Julian Wood: I think first of all, try not to get overwhelmed because serverless is everywhere and can be everywhere. I think find a small use case and then play and iterate. And a lot of our serverless services have huge amounts of functionality because they could do a lot. But I would start small and start simple. Now, think of a use case that you're gonna do. Maybe it's just running some code that's gonna respond to an API request. So you can connect up an API with Lambda really easily. It can either be native with something called function URLs or behind a more fully featured API service, like API Gateway. And you basically hit the API Gateway endpoint every time you do a get, post, delete or whatever, it's just gonna run a Lambda function.
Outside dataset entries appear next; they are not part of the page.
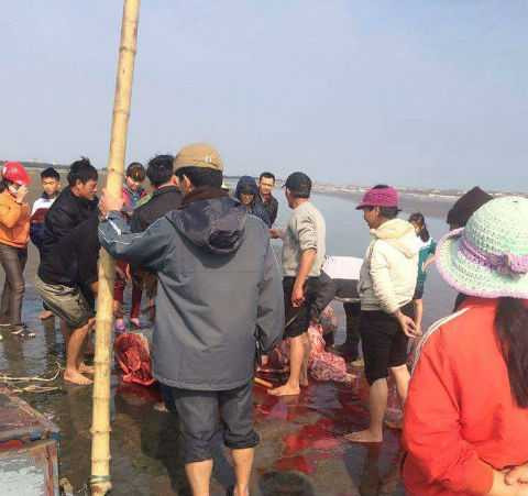 Mới đây, trên mạng xã hội facebook đang lan truyền nhiều bức ảnh chụp lại cảnh người dân xẻ thịt cá voi ngay tại bãi biển được cho là ở xã Hải Đông, huyện Hải Hậu, tỉnh Nam Định.
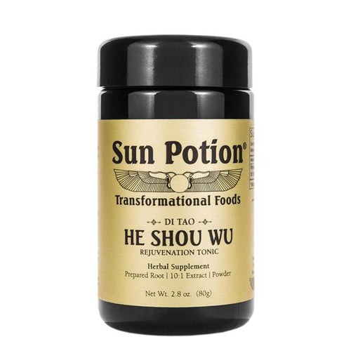 He Shou Wu is a traditional Taoist Herb & Jing Tonic that has a history of use as a longevity, anti-aging, blood-building, beauty, & rejuvenation food. Regular consumption of this herb may help to tonify and nourish the blood, hair, skin, nervous system, sexual center, shen (Spirit), and Jing (primary essence/life force). It may also help to improve stamina, and increase antioxidant activity.
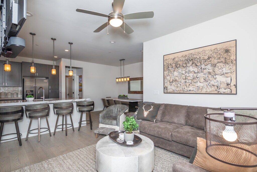 Luxury All-Inclusive Furnished Townhome in Rendezvous $6,500/month all inclusive (with all utilities, Wi-Fi and premium amenities included: A RARE FIND! Experience refined mountain living in this fully furnished luxury corner townhome in the coveted Rendezvous community all-inclusive (with all utilities, Wi-Fi, hot tub maintenance, etc). Designed for comfort and style, this residence showcases top-of-the-line finishes throughout: 3" slab countertops, black stainless-steel KitchenAid appliances, premium hardwood flooring, custom tile work, and designer lighting that together create a warm, sophisticated mountain-modern aesthetic. The home is beautifully furnished with high-end furniture and decor, offering a turnkey living experience that feels both elegant and inviting. The bright, open living space seamlessly extends outdoors to a covered patio with seating and a gas barbecue, perfect for entertaining or taking in the crisp alpine air. After a day on the slopes or trails, relax in your spacious 8-person Bullfrog spa beneath the stars. Convenience and functionality meet luxury with a two-car attached garage and a spacious storage room for all your mountain gear, keeping equipment organized and ready for your next adventure. There is also additional parking spaces right next to this unit. Nestled within Rendezvous, residents enjoy direct access to miles of scenic hiking and biking trails, all while being just minutes from downtown Winter Park's vibrant shops, dining, and year-round activities. Enjoy the complimentary town shuttle that stops nearby the property.
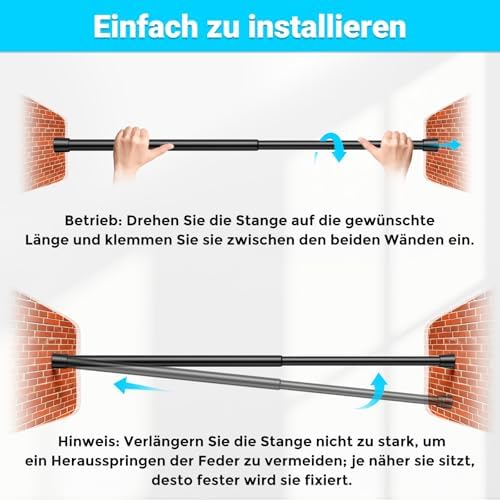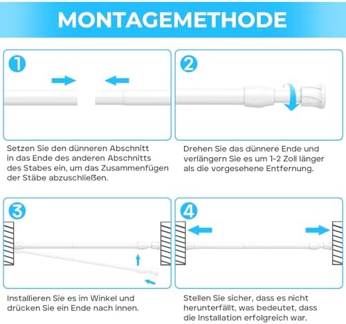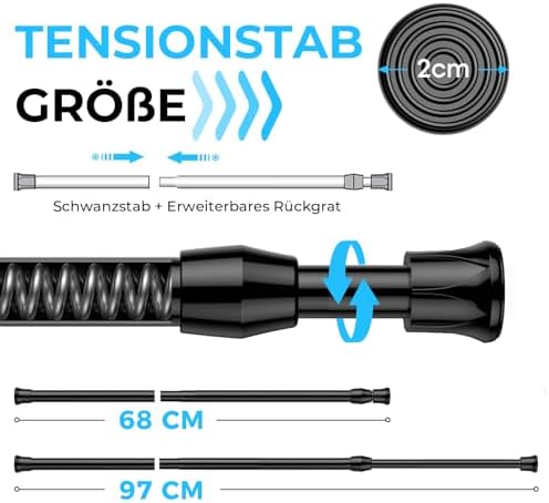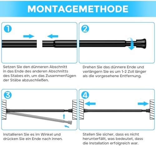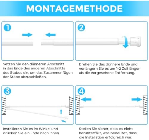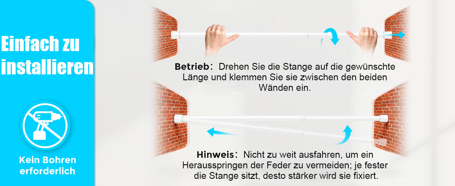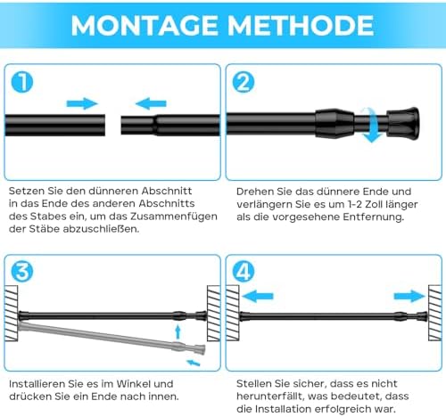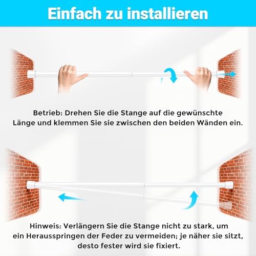 Die Montage unserer Gardinenstangen ist denkbar einfach! Sie können die Stange mühelos auf die gewünschte Länge dehnen, indem Sie sie einfach drehen. Beachten Sie bitte, dass die Stangen in zwei Teilen geliefert werden, die miteinander verbunden sind. Mit den integrierten Anti-Rutsch-Pads wird die Handhabung zusätzlich erleichtert.
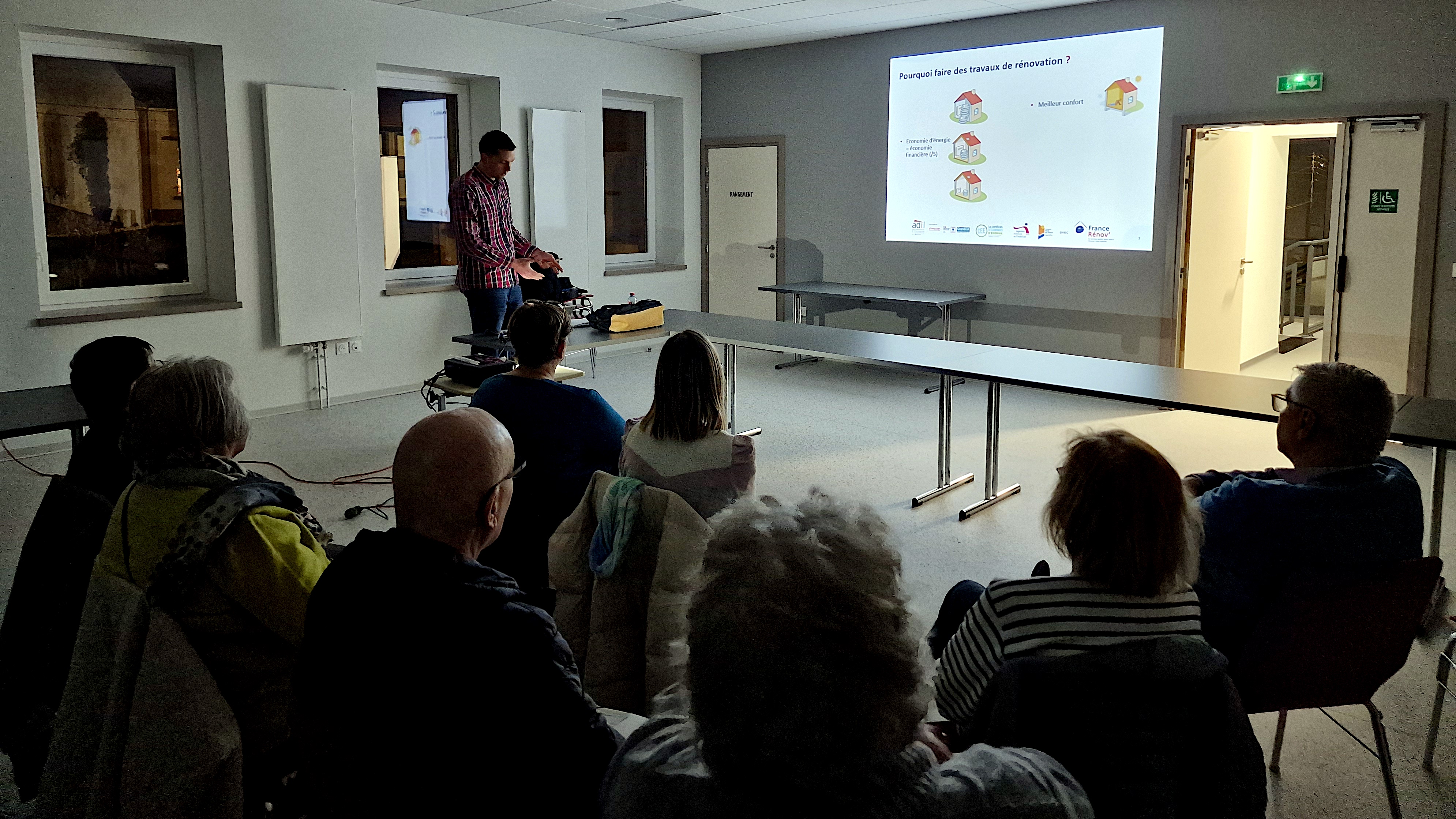 Les auditeurs du jour ont pu prendre connaissance des avantages des travaux de rénovation : ils permettent de faire des économies d’énergie (donc financières), améliorent le confort du logement, la qualité de l’air et contribuent ainsi à la pérennité et la plus-value du bâti. Les échanges ont concerné aussi certaines idées reçues et la prévention contre les démarchages peu scrupuleux.
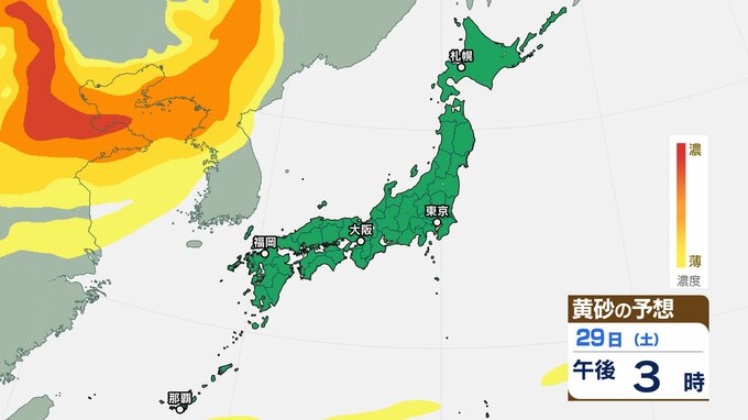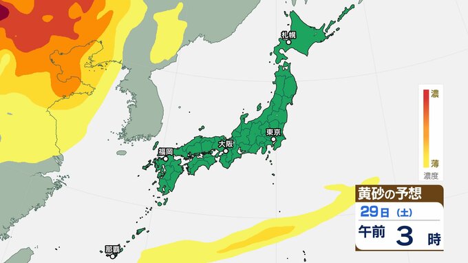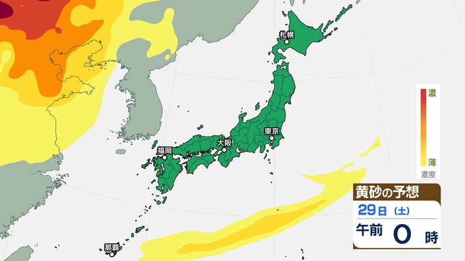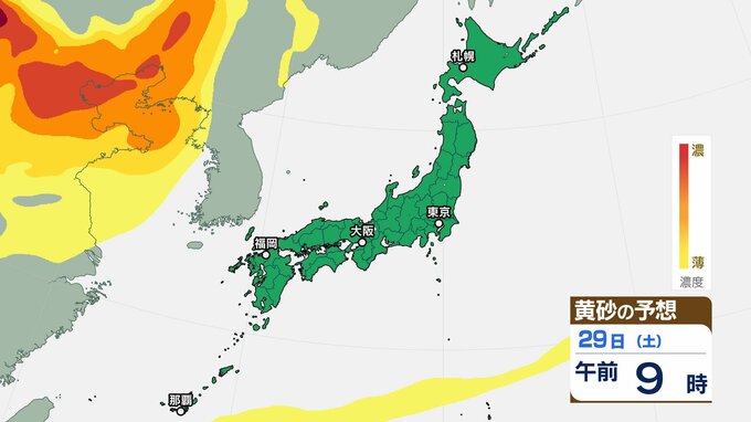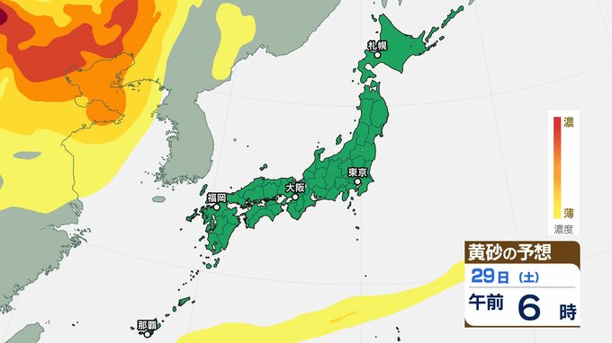 【黄砂情報】きょう(28日)日本列島に黄砂飛来の見込み 12月1日には広範囲にわたり飛来か 28日~12月1日にかけての黄砂シミュレーション【気象庁 28日午前8時更新】 RSK山陽放送 2025年11月28日(金) 08:16 国内 29日(土)の黄砂はどうなる? 29日(土)の黄砂のシミュレーションは、【画像⑦~】のとおりです。 【画像⑦】 【画像⑧】 【画像⑨】 【画像⑩】 【画像⑪】 【画像⑫】 【画像⑬】 【画像⑭】
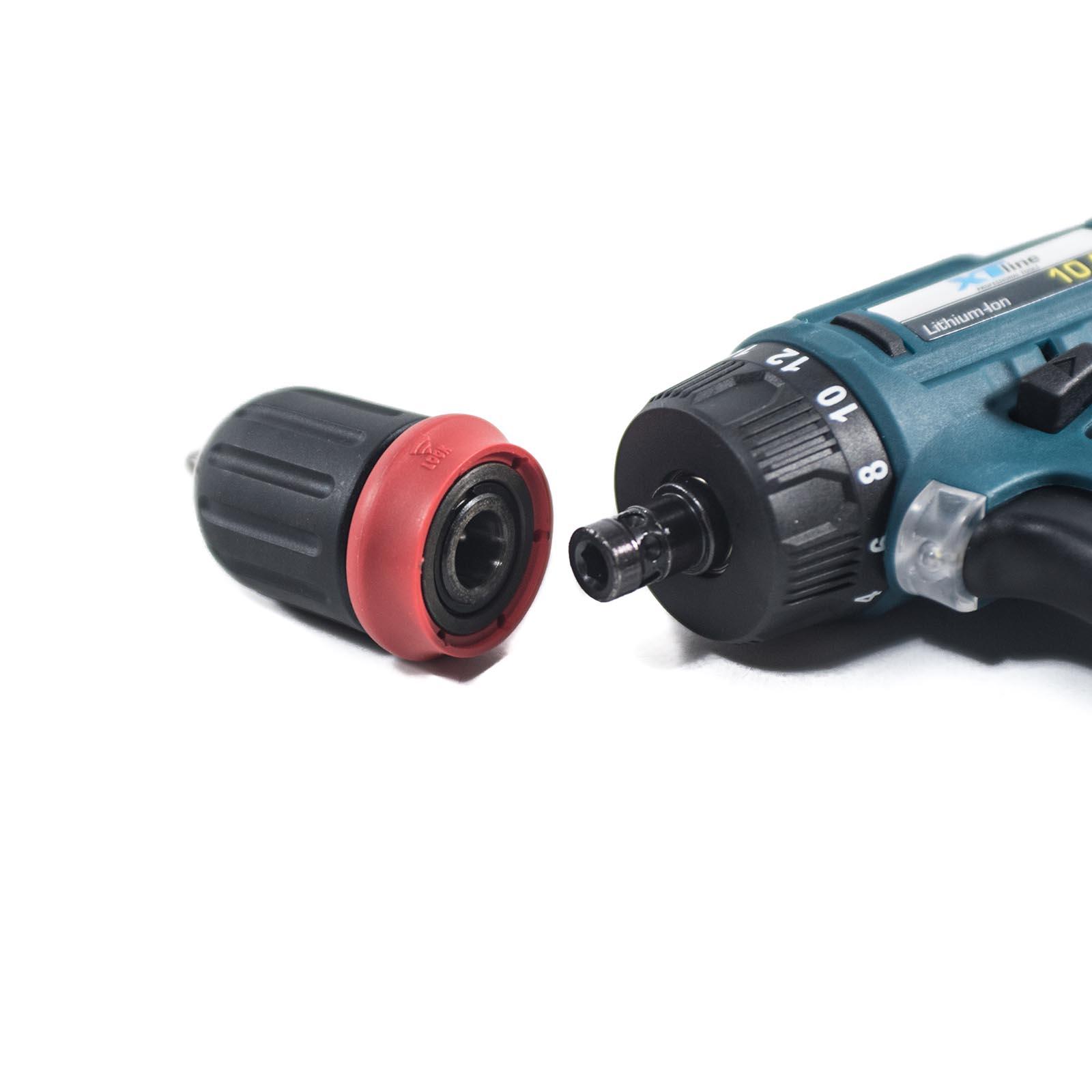 • Kompaktní a lehký design. Aku šroubovák má quick systém s možností odejmutí sklíčidla pro šroubování s držákem na bity 1/4“
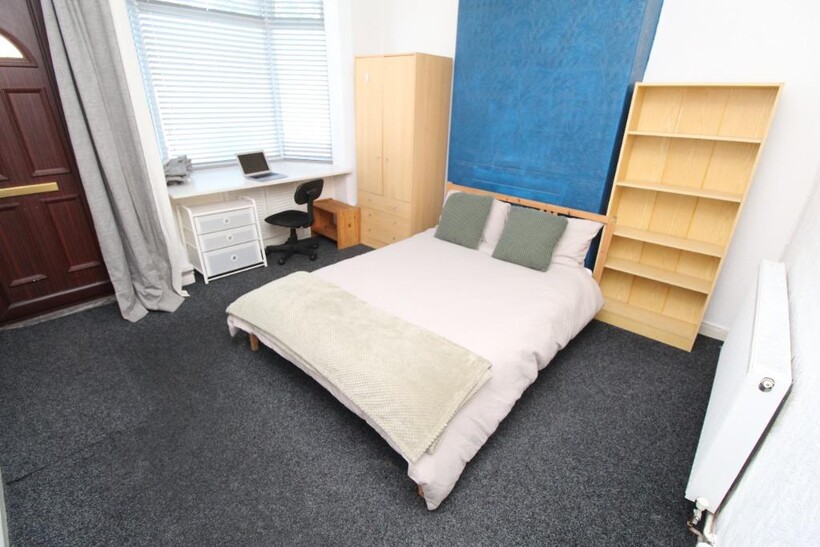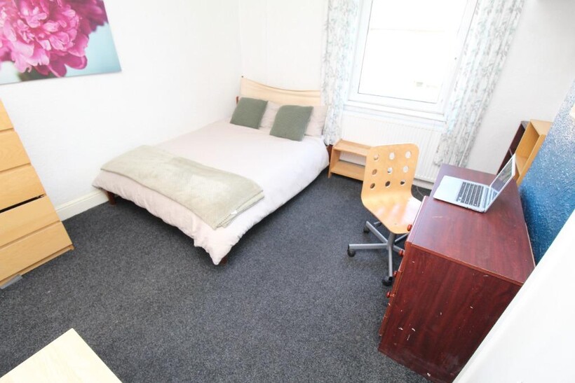 - Double bedroom in 4 bedroom house, complete with bed, mattress, study desk and chair, wardrobe and bed side table.

And that is very cognitively easily to set up. You iterate really quickly on it and you can understand every time you hit that API endpoint, your code is going to return some response. That's a really easy way to just understand how that works.

Another one is data processing as well because so many companies are using data processing. If you are using, you know, Kafka or Kinesis in AWS, which is specific there, or queues like RabbitMQ or SQS or these kind of things, to process data asynchronous from these queues is just one of the wonders of Lambda. And Lambda runs a polar for you. It's even free. And so you can very simply just write some code that is gonna iterate over the messages in that and, you know, maybe persist it to a database, maybe write some GenAI, who knows.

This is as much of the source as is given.